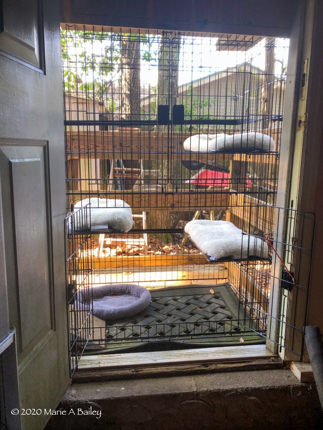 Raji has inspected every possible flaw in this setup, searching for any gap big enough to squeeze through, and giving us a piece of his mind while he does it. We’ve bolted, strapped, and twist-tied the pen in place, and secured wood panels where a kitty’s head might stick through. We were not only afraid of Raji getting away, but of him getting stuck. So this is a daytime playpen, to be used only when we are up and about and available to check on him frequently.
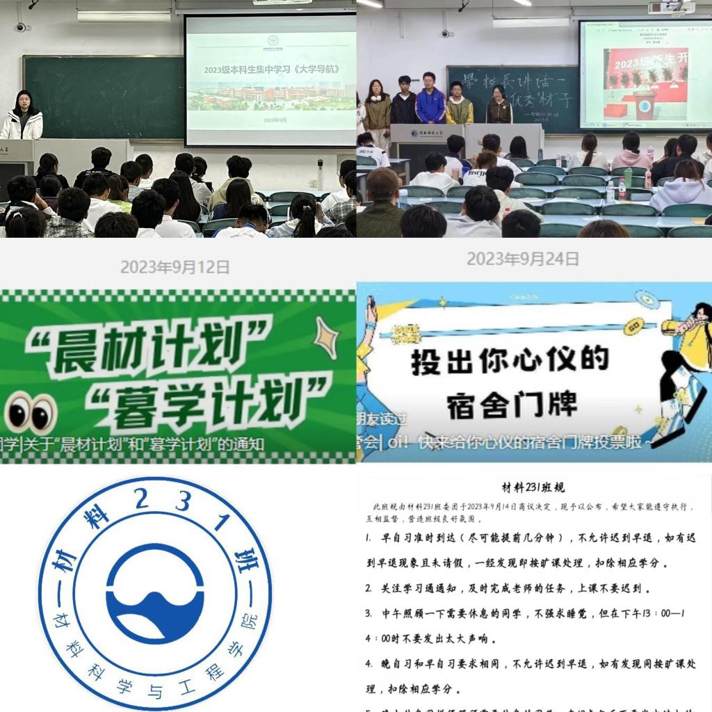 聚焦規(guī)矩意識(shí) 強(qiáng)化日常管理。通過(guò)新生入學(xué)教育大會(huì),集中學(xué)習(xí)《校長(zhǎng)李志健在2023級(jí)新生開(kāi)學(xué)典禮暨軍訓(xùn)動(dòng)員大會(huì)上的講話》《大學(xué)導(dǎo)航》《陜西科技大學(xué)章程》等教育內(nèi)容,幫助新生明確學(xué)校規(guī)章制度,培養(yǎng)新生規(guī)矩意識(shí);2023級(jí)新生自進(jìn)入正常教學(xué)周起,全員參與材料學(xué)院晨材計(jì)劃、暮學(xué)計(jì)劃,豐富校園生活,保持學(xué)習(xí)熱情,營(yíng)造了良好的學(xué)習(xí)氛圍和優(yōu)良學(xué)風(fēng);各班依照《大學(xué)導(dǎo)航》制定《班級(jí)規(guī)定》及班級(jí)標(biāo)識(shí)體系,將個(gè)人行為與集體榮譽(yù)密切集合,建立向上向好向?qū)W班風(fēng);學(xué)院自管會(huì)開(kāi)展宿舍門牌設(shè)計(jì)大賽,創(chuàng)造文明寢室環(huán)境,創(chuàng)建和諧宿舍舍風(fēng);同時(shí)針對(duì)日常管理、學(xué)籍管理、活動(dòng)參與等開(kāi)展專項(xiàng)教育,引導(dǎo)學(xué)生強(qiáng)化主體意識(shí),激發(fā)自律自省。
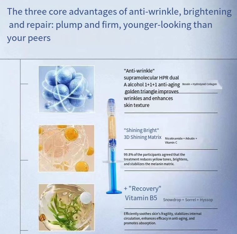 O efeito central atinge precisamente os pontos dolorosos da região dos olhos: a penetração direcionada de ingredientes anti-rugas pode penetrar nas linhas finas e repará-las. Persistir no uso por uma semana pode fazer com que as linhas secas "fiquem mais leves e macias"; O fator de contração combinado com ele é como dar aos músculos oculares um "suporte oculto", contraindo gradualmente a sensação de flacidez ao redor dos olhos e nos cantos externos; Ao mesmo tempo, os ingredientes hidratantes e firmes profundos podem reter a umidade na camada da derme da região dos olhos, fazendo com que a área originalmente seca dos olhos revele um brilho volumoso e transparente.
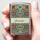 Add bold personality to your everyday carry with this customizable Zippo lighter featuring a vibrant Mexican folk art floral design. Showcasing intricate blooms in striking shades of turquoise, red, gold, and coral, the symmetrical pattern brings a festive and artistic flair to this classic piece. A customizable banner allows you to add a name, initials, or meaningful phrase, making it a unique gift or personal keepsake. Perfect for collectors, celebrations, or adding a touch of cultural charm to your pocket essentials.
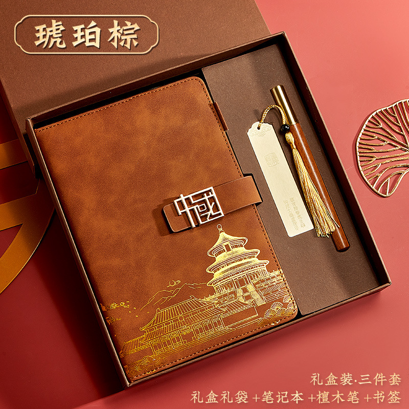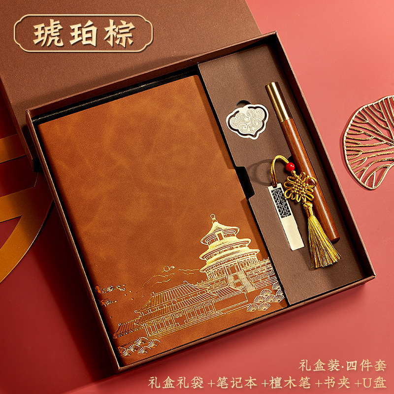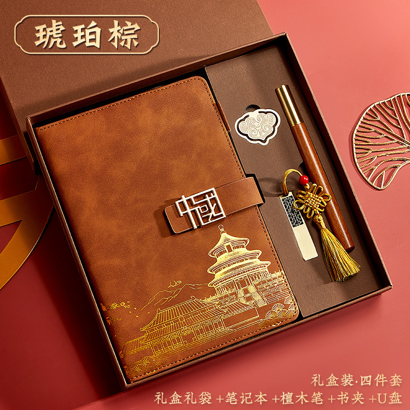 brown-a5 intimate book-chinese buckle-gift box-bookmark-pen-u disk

What to work on
Transcribe the opening line of the listing above, please, and every line after it through the line with "O efeito central", word for word, without pictures.

Output
 Raji has inspected every possible flaw in this setup, searching for any gap big enough to squeeze through, and giving us a piece of his mind while he does it. We’ve bolted, strapped, and twist-tied the pen in place, and secured wood panels where a kitty’s head might stick through. We were not only afraid of Raji getting away, but of him getting stuck. So this is a daytime playpen, to be used only when we are up and about and available to check on him frequently.
 聚焦規(guī)矩意識(shí) 強(qiáng)化日常管理。通過(guò)新生入學(xué)教育大會(huì),集中學(xué)習(xí)《校長(zhǎng)李志健在2023級(jí)新生開(kāi)學(xué)典禮暨軍訓(xùn)動(dòng)員大會(huì)上的講話》《大學(xué)導(dǎo)航》《陜西科技大學(xué)章程》等教育內(nèi)容,幫助新生明確學(xué)校規(guī)章制度,培養(yǎng)新生規(guī)矩意識(shí);2023級(jí)新生自進(jìn)入正常教學(xué)周起,全員參與材料學(xué)院晨材計(jì)劃、暮學(xué)計(jì)劃,豐富校園生活,保持學(xué)習(xí)熱情,營(yíng)造了良好的學(xué)習(xí)氛圍和優(yōu)良學(xué)風(fēng);各班依照《大學(xué)導(dǎo)航》制定《班級(jí)規(guī)定》及班級(jí)標(biāo)識(shí)體系,將個(gè)人行為與集體榮譽(yù)密切集合,建立向上向好向?qū)W班風(fēng);學(xué)院自管會(huì)開(kāi)展宿舍門牌設(shè)計(jì)大賽,創(chuàng)造文明寢室環(huán)境,創(chuàng)建和諧宿舍舍風(fēng);同時(shí)針對(duì)日常管理、學(xué)籍管理、活動(dòng)參與等開(kāi)展專項(xiàng)教育,引導(dǎo)學(xué)生強(qiáng)化主體意識(shí),激發(fā)自律自省。
 O efeito central atinge precisamente os pontos dolorosos da região dos olhos: a penetração direcionada de ingredientes anti-rugas pode penetrar nas linhas finas e repará-las. Persistir no uso por uma semana pode fazer com que as linhas secas "fiquem mais leves e macias"; O fator de contração combinado com ele é como dar aos músculos oculares um "suporte oculto", contraindo gradualmente a sensação de flacidez ao redor dos olhos e nos cantos externos; Ao mesmo tempo, os ingredientes hidratantes e firmes profundos podem reter a umidade na camada da derme da região dos olhos, fazendo com que a área originalmente seca dos olhos revele um brilho volumoso e transparente.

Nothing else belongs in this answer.